In the solar atmosphere, Alfvén waves are created when convective motions and sound waves push magnetic fields around, or when dynamic processes create electrical currents that allow the magnetic fields to change shape or reconnect.”
“Until now, Alfvén waves have been impossible to observe because of limited resolution of available instruments,” said Alexei Pevtsov, Hinode program scientist, NASA Headquarters, Washington. “With the help of Hinode, we are now able to see direct evidence of Alfvén waves, which will help us unravel the mystery of how the solar wind is powered.”
http://www.nasa.gov/home/hqnews/2007/dec/HQ_07264_Hinode_Waves.html#.U8FGm1V_sup

July 12, 2014 7:43 am

Bob Weber, past history as already PROVEN our case to be correct. This is why I am not going to hold conversations on a subject that already is closed which is solar variability controls the climate.
The solar variability is greater then what mainstream keeps trying to say but more importantly it is the secondary effects which really matter.

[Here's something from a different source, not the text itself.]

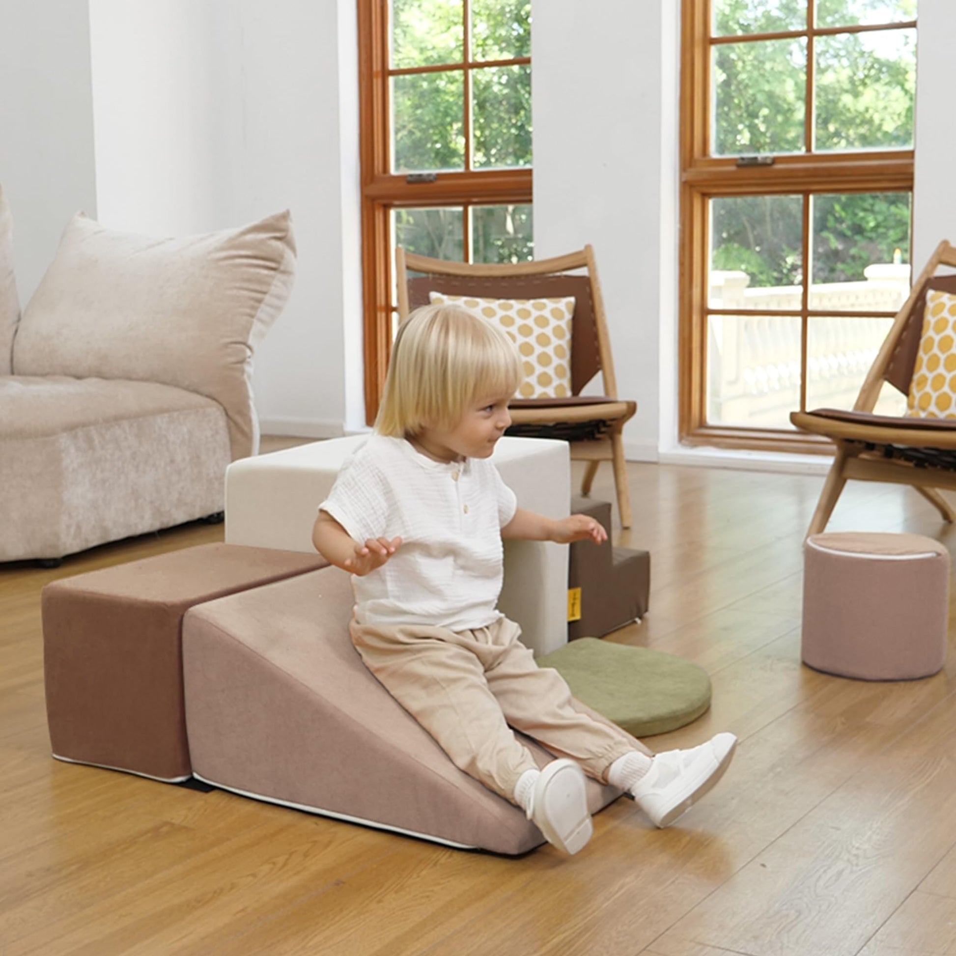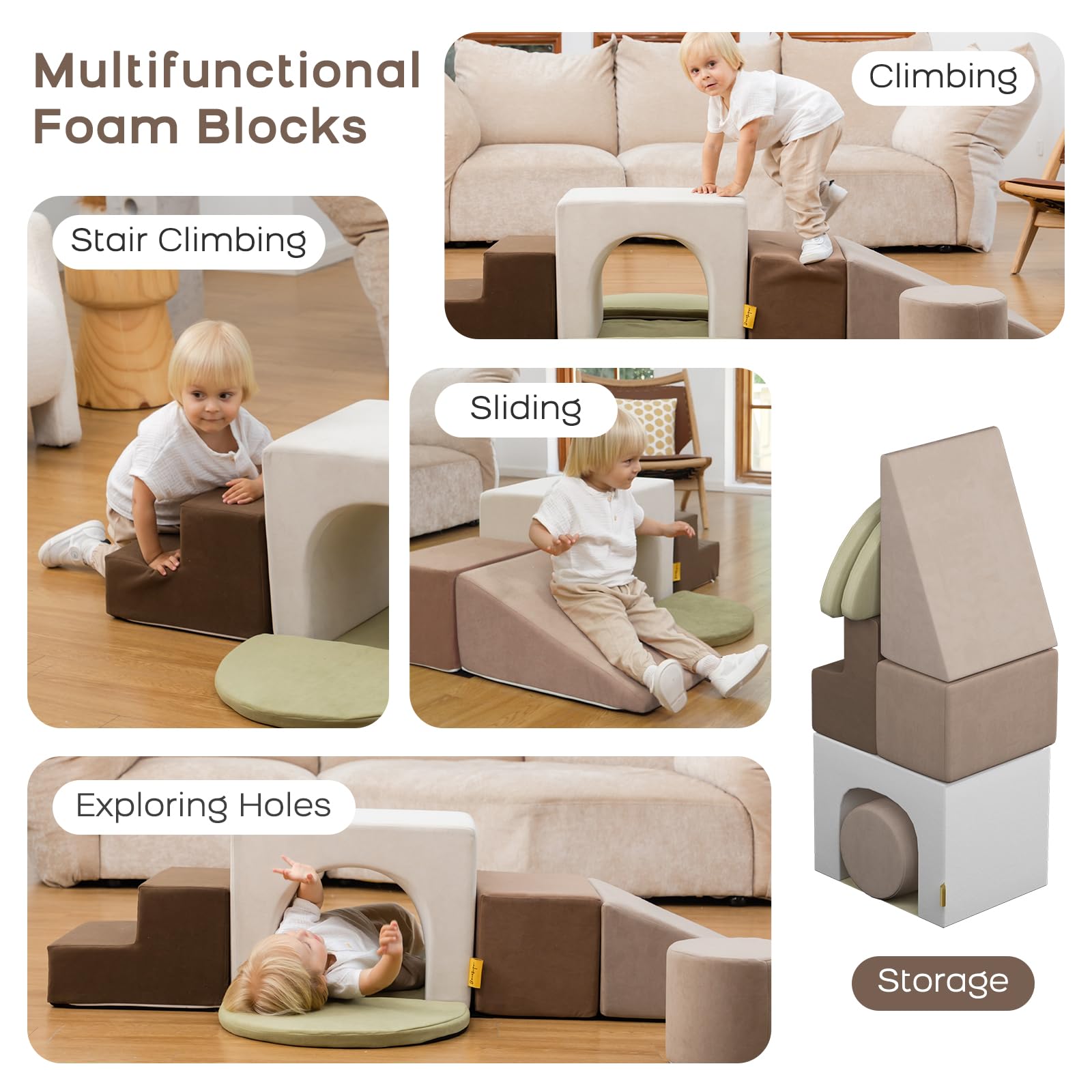 Boost Physical Coordination and Imagination: Featuring 7 versatile foam climbing blocks, this set encourages activities such as climbing, crawling, sliding, and building. It aids in the development of motor skills, physical coordination, and creative play, making it a fantastic addition to any child's playroom | High-Quality, Child-Safe Materials: Made with high-density foam for excellent support, these blocks are covered in a soft, skin-friendly fabric with soothing colors. This combination ensures a safe, sensory-friendly experience, perfect for young children | Non-Slip Design and Child-Proof Zipper: The bottom of each block is designed to prevent slipping on hard floors, ensuring a secure play environment. The hidden zipper design keeps small parts out of reach, preventing accidental ingestion and enhancing safety | Durable and Easy to Maintain: Crafted from robust, waterproof fabric, these foam blocks are built to last and easy to clean. The blocks can be disassembled quickly with zippers, making washing simple and convenient | Compact Storage and No Assembly Required: Delivered in a vacuum-compressed package for environmentally friendly shipping, these blocks require no assembly and regain their full shape within 48 hours. They can be easily stored in a corner, keeping your space tidy and organized

Notice how there is yet to be a temperature graph produced which shows the range of global temperatures INCREASING during a prolonged solar minimum period or the range in global temperatures DECLINING during a period of prolonged maximum solar activity.
Guess what the same thing is going to happen once again going forward into this decade. Global temperatures will be falling in response to weak solar conditions and the associated secondary effects.
I would bet my last dollar that if my solar criteria is approached never mind met that the climate will respond. I am very confident in my position probably more now then ever.